I am now running this same code in a docker with CUDA 11.3 / TRT8 / ubuntu18.04 and it works without error but only uses one cpu to build and therefore takes a very long time. I can’t seem to find anything in the builder API about cpu threads or anything about ENV variables that might set this. so I’m not even really sure where to look.

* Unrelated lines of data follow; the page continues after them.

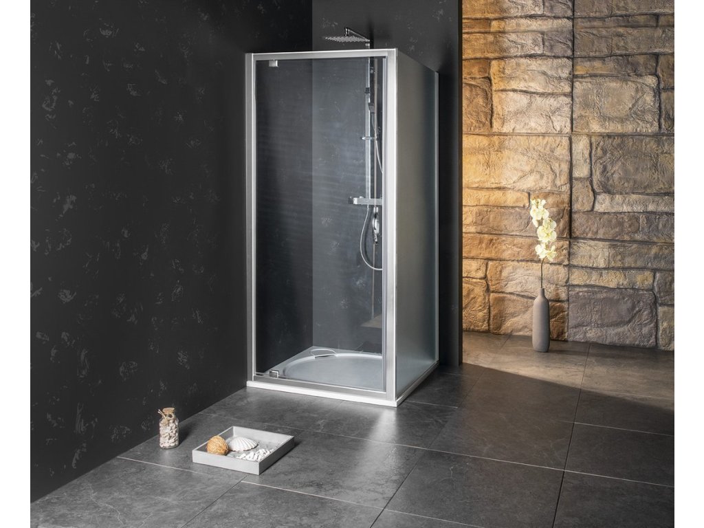 - Kombinací boční stěny a dveří získáte obdélníkovou/čtvercovou zástěnu - na výběr dveře posuvné a pivotové
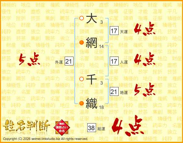 大網千織さんの総運は38画の4点!
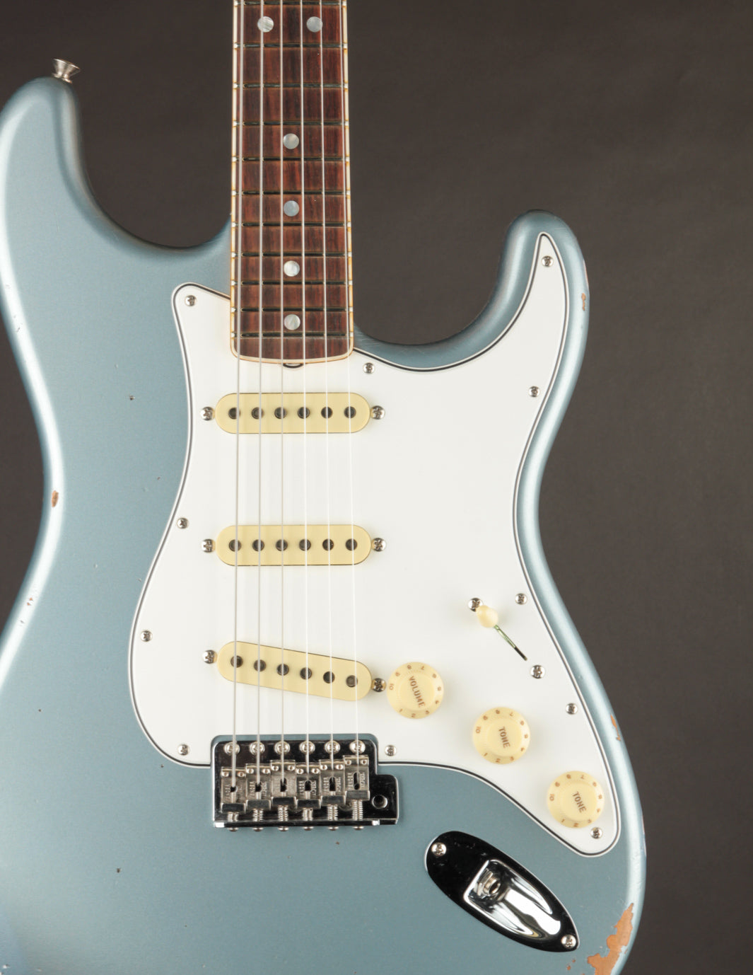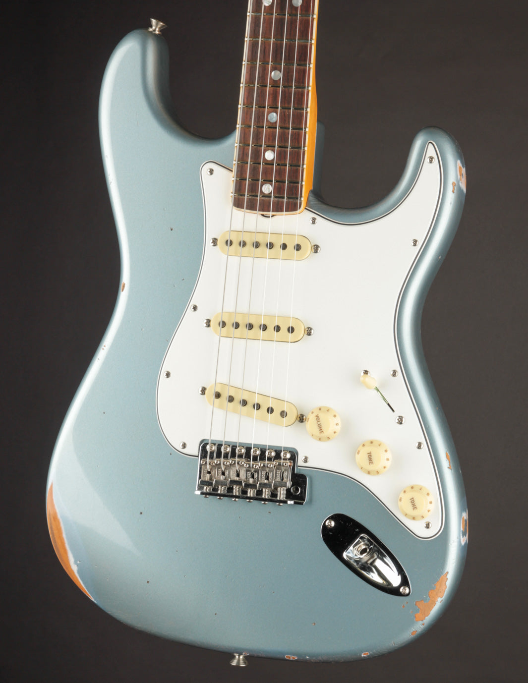 Finished in a Relic lacquer (Aged Blue Ice Metallic) with Closet Classic hardware, this '67 Stratocaster looks like a perfectly worn, workhorse that’s seen years and years of gigs, but was handled with care. We're loving that the FCS is pushing into a more refined version of wear on the back of the necks (think: Danocaster). It really ups the believability factor as well as just feeling great / immediately comfy in-hand.
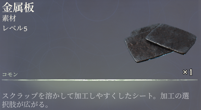 • 鍛冶場にて 木炭*2 スクラップ*2 で1個作成可能
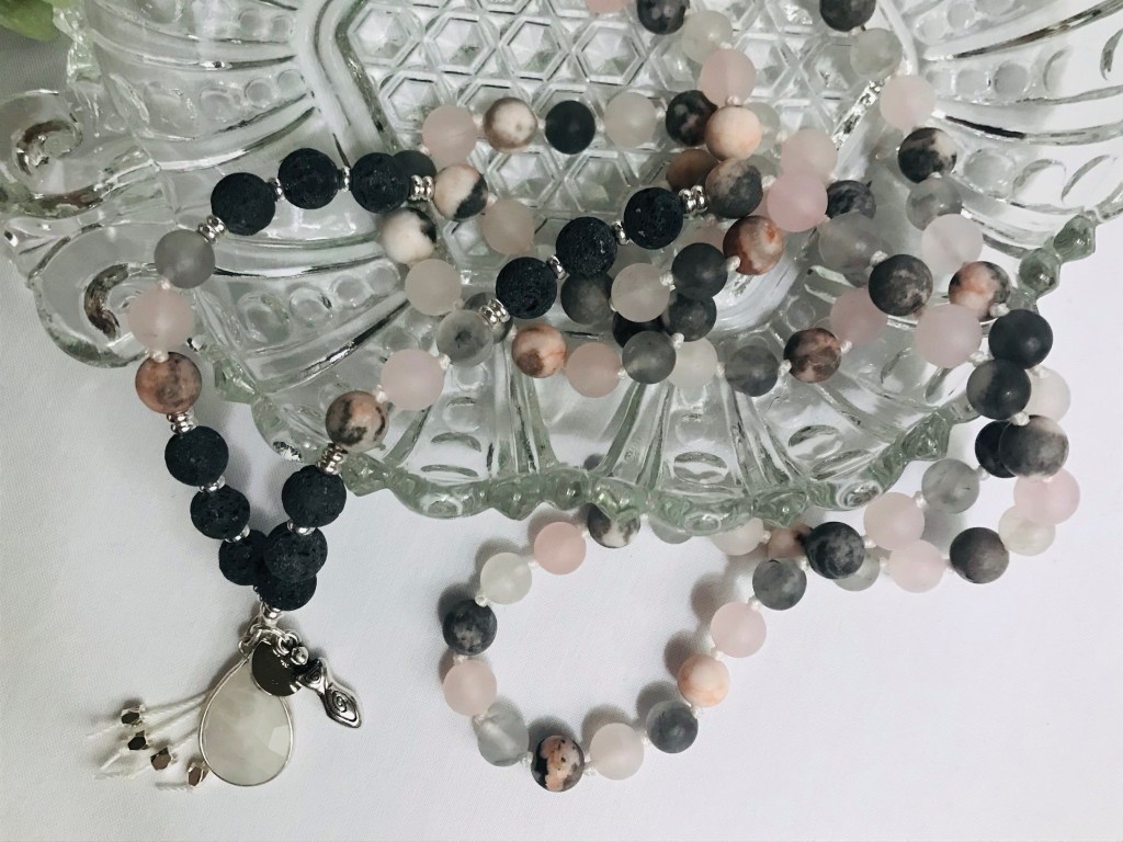 The Mother Mala* is designed with rose quartz, pink zebra, smoky quartz, lava rock, and moonstone. This mala celebrates the mother whose presence creates, comforts, blesses, sustains, and enriches all life and is a piece from the Mirlabella Collection.
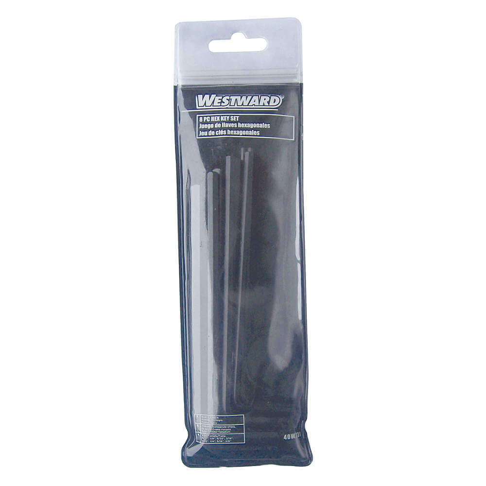 WESTWARD 40WZ31 Hex Key Set, L, SAE, Std End, Long, Black Oxide, 2 Tips, 8 Pieces
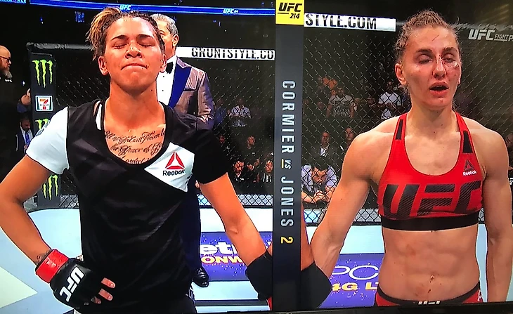 Кёрран проиграла, но продемонстрировала невероятное желание победить. Да, боксёр она так себе и в борьбе ничего не показывает - но зато какая мотивированная и злая. Не забываем и о том, что народу такой острый бой понравился - могут оставить американку в UFC ради зрелищности.
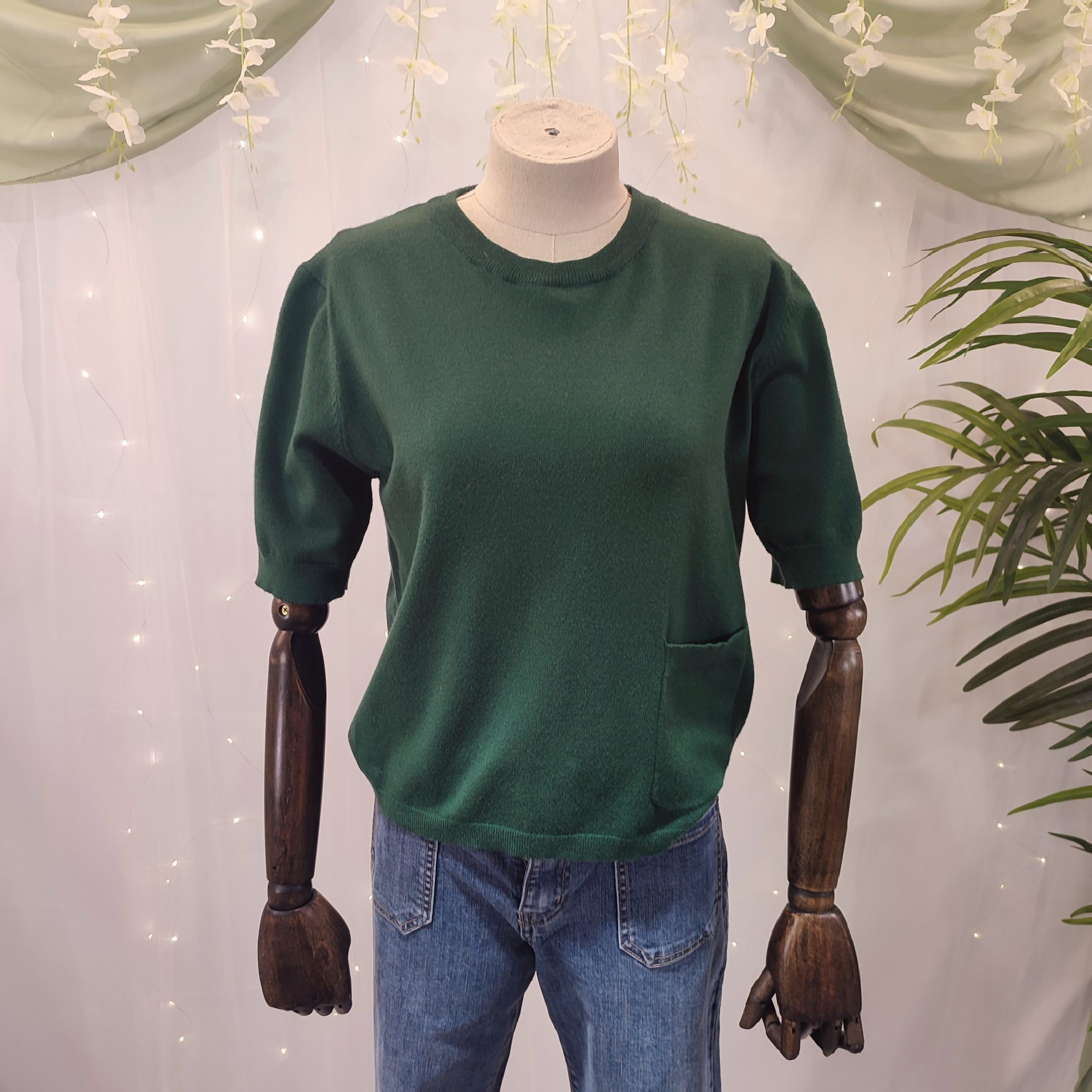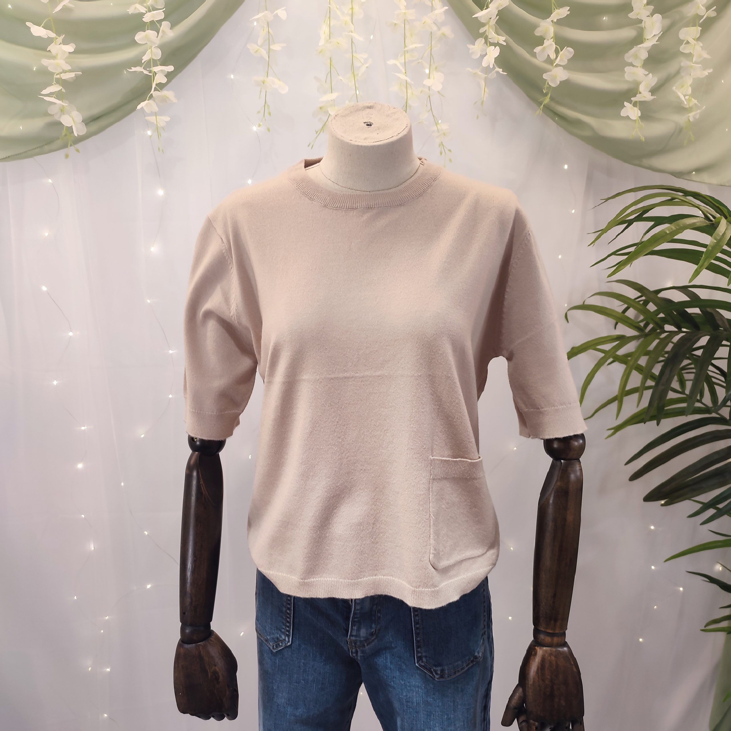 En la parte delantera inferior izquierda, se encuentra un bolsillo funcional, perfectamente integrado al diseño. Este detalle no solo añade practicidad, sino que también embellece la camiseta con un toque original y bonito, rompiendo la uniformidad de forma delicada y armoniosa.

There’s plenty of available RAM/VRAM
If it helps, the code is:
void onnxToTRTModel(const std::string &modelFile, // name of the onnx model
const std::string &filename, // name of saved engine
nvinfer1::ICudaEngine *&engine, const int &BATCH_SIZE) {
// create the builder
nvinfer1::IBuilder *builder =
nvinfer1::createInferBuilder(gLogger.getTRTLogger());
assert(builder != nullptr);
const auto explicitBatch =
1U << static_cast<uint32_t>(
nvinfer1::NetworkDefinitionCreationFlag::kEXPLICIT_BATCH);
auto network = builder->createNetworkV2(explicitBatch);
auto config = builder->createBuilderConfig();
auto parser = nvonnxparser::createParser(*network, gLogger.getTRTLogger());
if (!parser->parseFromFile(
modelFile.c_str(),
static_cast<int>(gLogger.getReportableSeverity()))) {
gLogError << "Failure while parsing ONNX file" << std::endl;
}
// Build the engine
builder->setMaxBatchSize(BATCH_SIZE);
config->setMaxWorkspaceSize(2300_MiB);
config->setFlag(nvinfer1::BuilderFlag::kFP16);
std::cout << "start building engine" << std::endl;
engine = builder->buildEngineWithConfig(*network, *config);
std::cout << "build engine done" << std::endl;